== DATA FOR PROCESSING ==
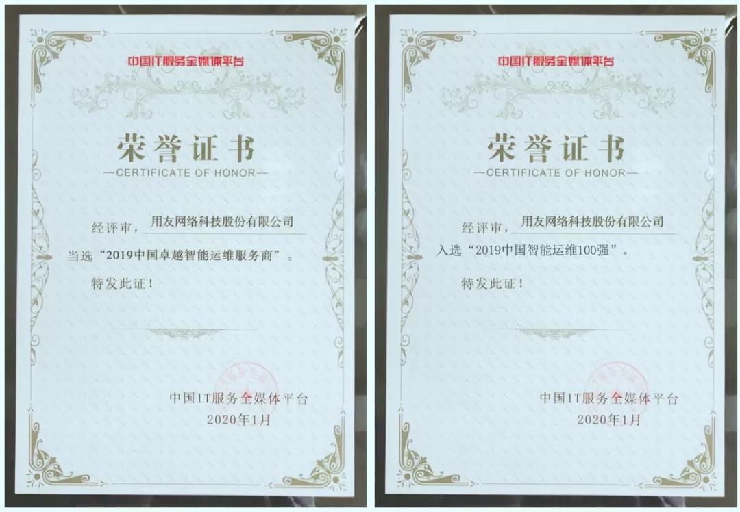 【榮譽(yù)】用友喜獲 2019中國IT服務(wù)領(lǐng)軍企業(yè)和智能運(yùn)維服務(wù)商兩項大獎
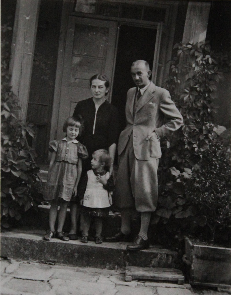 Ludmiła i Tomasz Serafińscy z córkami Beatą i Marią przed Koryznówką, wrzesień 1942 rok. Fotografia ze naukowego Muzeum Pamiątek po Janie Matejce „Koryznówka” w Nowym Wiśniczu.
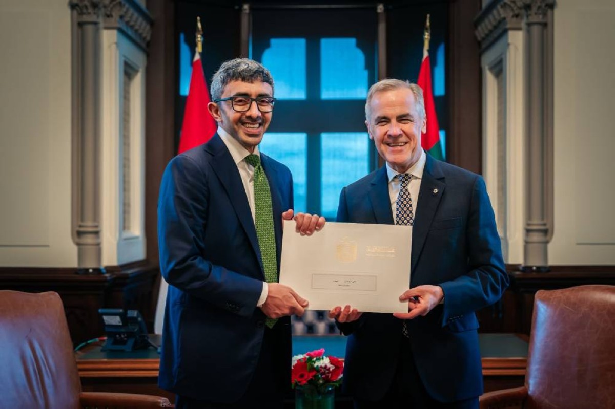 سلم الرسالة سمو الشيخ عبدالله بن زايد آل نهيان، نائب رئيس مجلس الوزراء وزير الخارجية، لدى لقائه معالي مارك كارني، رئيس وزراء كندا، وذلك في مستهل زيارة عمل يقوم بها سموه إلى العاصمة الكندية أوتاوا.
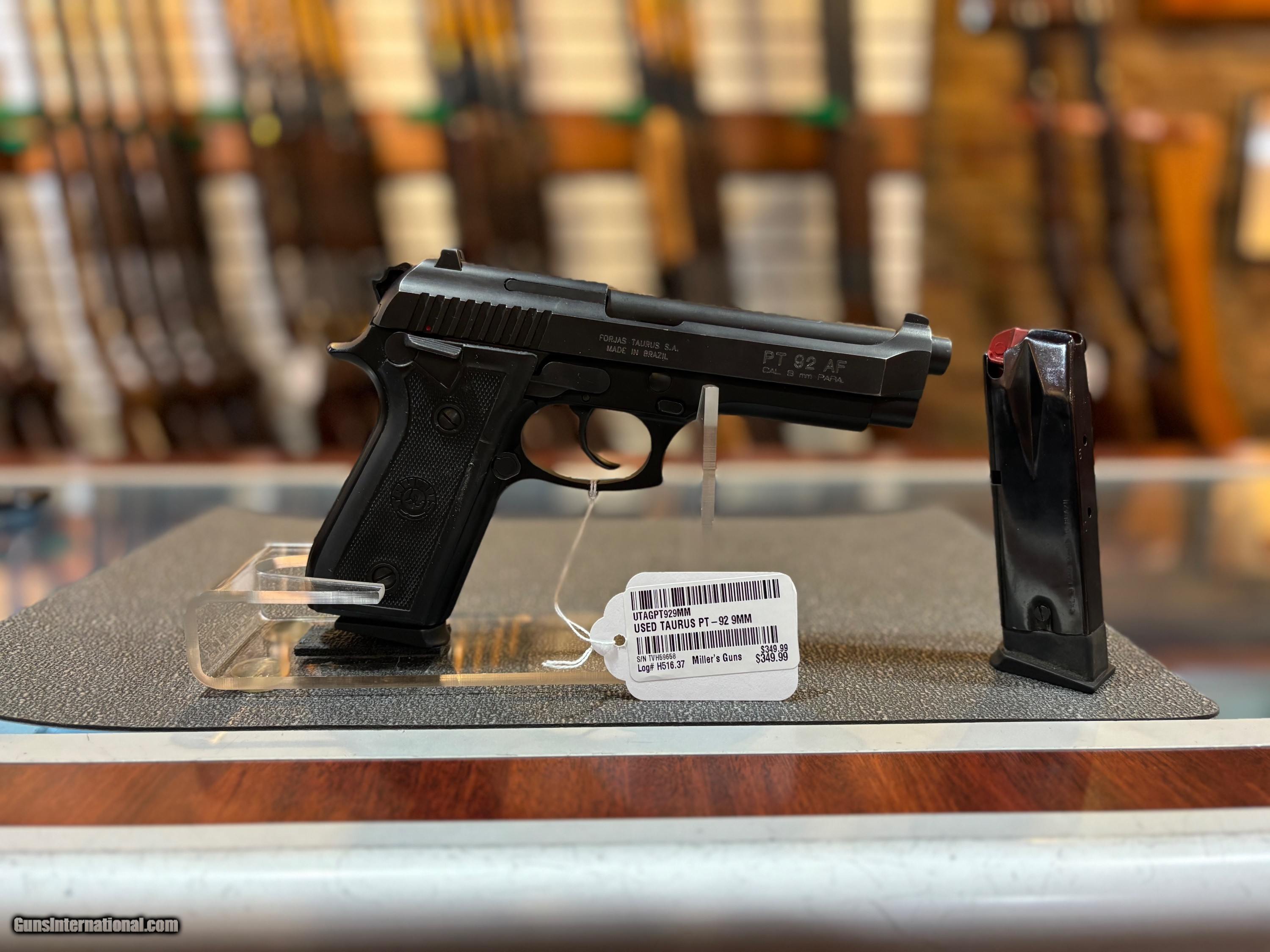Description: USED Taurus PT92AF 9mm Manual safety 17 round capacity (2) magazines included NO box or manual SOLD Handgun Caliber: 9x19mm Parabellum (9mm Luger, 9x19mm NATO) Manufacturer: Taurus Model: PT92AF Serial Number: TVH69658 Condition: Good |
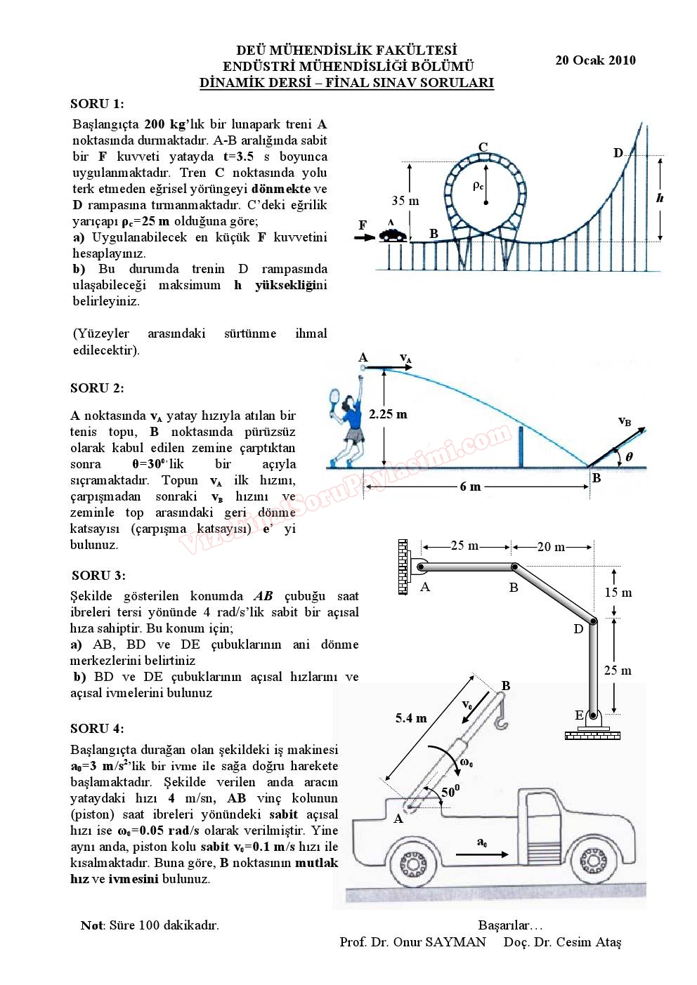 Vize ve Final Soruları / Dokuz Eylül Üniversitesi / Dinamik Dersi
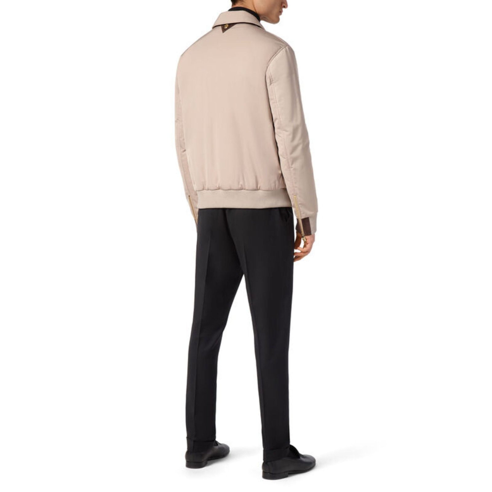 With its high-quality materials, meticulous detailing, and practical design, this nylon and leather bomber jacket is more than just outerwear—it’s a statement of modern elegance, proving that sporty style can be effortlessly chic and unmistakably luxurious.
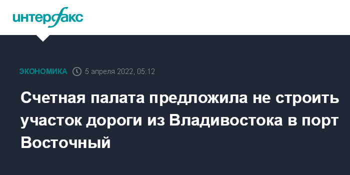 Москва. 5 апреля. INTERFAX.RU - Счетная палата (СП) по итогам проверки строительства автодороги "Владивосток - Находка - порт Восточный" предложила вместо возведения ее второго участка реконструировать действующую трассу А188 "Артем - Находка - порт Восточный, сообщается во вторник в пресс-релизе ведомства.
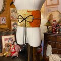 名古屋帯 リメイク サッシュベルト 飾り帯 和洋折衷 L〜LL対応 黄金の祝祭 × 陽だまりのオレンジ ROB-200
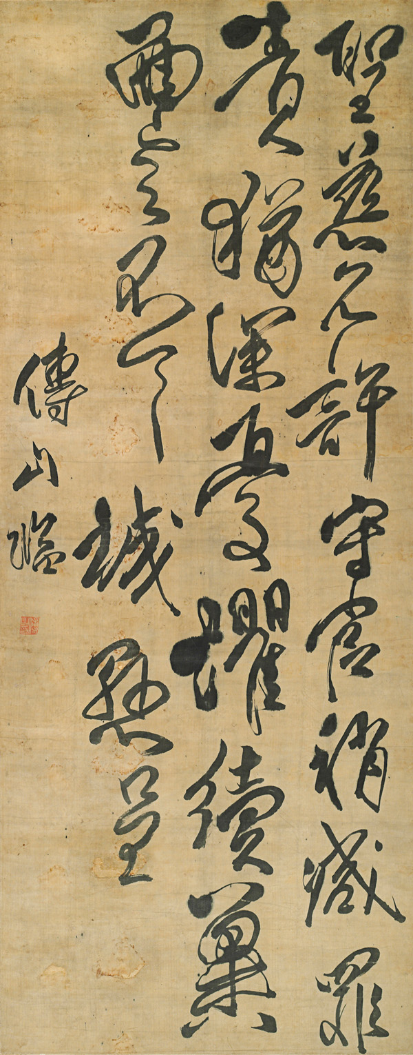 傅山作品,草書臨柳公權(quán)《圣慈帖》軸
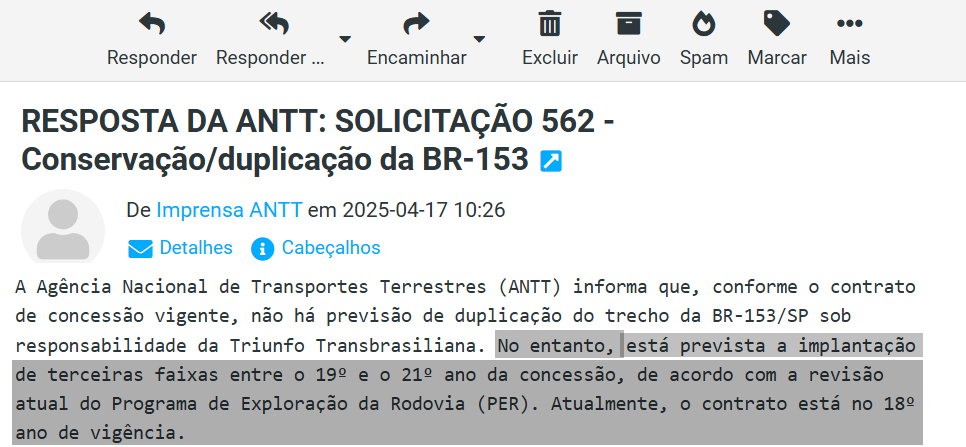 Apesar de não estar prevista (em contrato) a duplicação de todo o trecho paulista da rodovia Tranbsbrasiliana (BR-153) a concessionária responsável, Tribunfo Transbrasiliana, terá que implantar terceiras faixas a partir do ano que vem (2026) e com previsão de conclusão em dois anos. A informação é da Agência Nacional de Transportes Terrestres (ANTT), em resposta à demanda formulada pelo Visão Notícias.
===
TRY IT
Give the entries above again exactly, minus their pictures.

ANSWER SECTION
 【榮譽(yù)】用友喜獲 2019中國IT服務(wù)領(lǐng)軍企業(yè)和智能運(yùn)維服務(wù)商兩項大獎
 Ludmiła i Tomasz Serafińscy z córkami Beatą i Marią przed Koryznówką, wrzesień 1942 rok. Fotografia ze naukowego Muzeum Pamiątek po Janie Matejce „Koryznówka” w Nowym Wiśniczu.
 سلم الرسالة سمو الشيخ عبدالله بن زايد آل نهيان، نائب رئيس مجلس الوزراء وزير الخارجية، لدى لقائه معالي مارك كارني، رئيس وزراء كندا، وذلك في مستهل زيارة عمل يقوم بها سموه إلى العاصمة الكندية أوتاوا.
Description: USED Taurus PT92AF 9mm Manual safety 17 round capacity (2) magazines included NO box or manual SOLD Handgun Caliber: 9x19mm Parabellum (9mm Luger, 9x19mm NATO) Manufacturer: Taurus Model: PT92AF Serial Number: TVH69658 Condition: Good |
 Vize ve Final Soruları / Dokuz Eylül Üniversitesi / Dinamik Dersi
 With its high-quality materials, meticulous detailing, and practical design, this nylon and leather bomber jacket is more than just outerwear—it’s a statement of modern elegance, proving that sporty style can be effortlessly chic and unmistakably luxurious.
 Москва. 5 апреля. INTERFAX.RU - Счетная палата (СП) по итогам проверки строительства автодороги "Владивосток - Находка - порт Восточный" предложила вместо возведения ее второго участка реконструировать действующую трассу А188 "Артем - Находка - порт Восточный, сообщается во вторник в пресс-релизе ведомства.
 名古屋帯 リメイク サッシュベルト 飾り帯 和洋折衷 L〜LL対応 黄金の祝祭 × 陽だまりのオレンジ ROB-200
 傅山作品,草書臨柳公權(quán)《圣慈帖》軸
 Apesar de não estar prevista (em contrato) a duplicação de todo o trecho paulista da rodovia Tranbsbrasiliana (BR-153) a concessionária responsável, Tribunfo Transbrasiliana, terá que implantar terceiras faixas a partir do ano que vem (2026) e com previsão de conclusão em dois anos. A informação é da Agência Nacional de Transportes Terrestres (ANTT), em resposta à demanda formulada pelo Visão Notícias.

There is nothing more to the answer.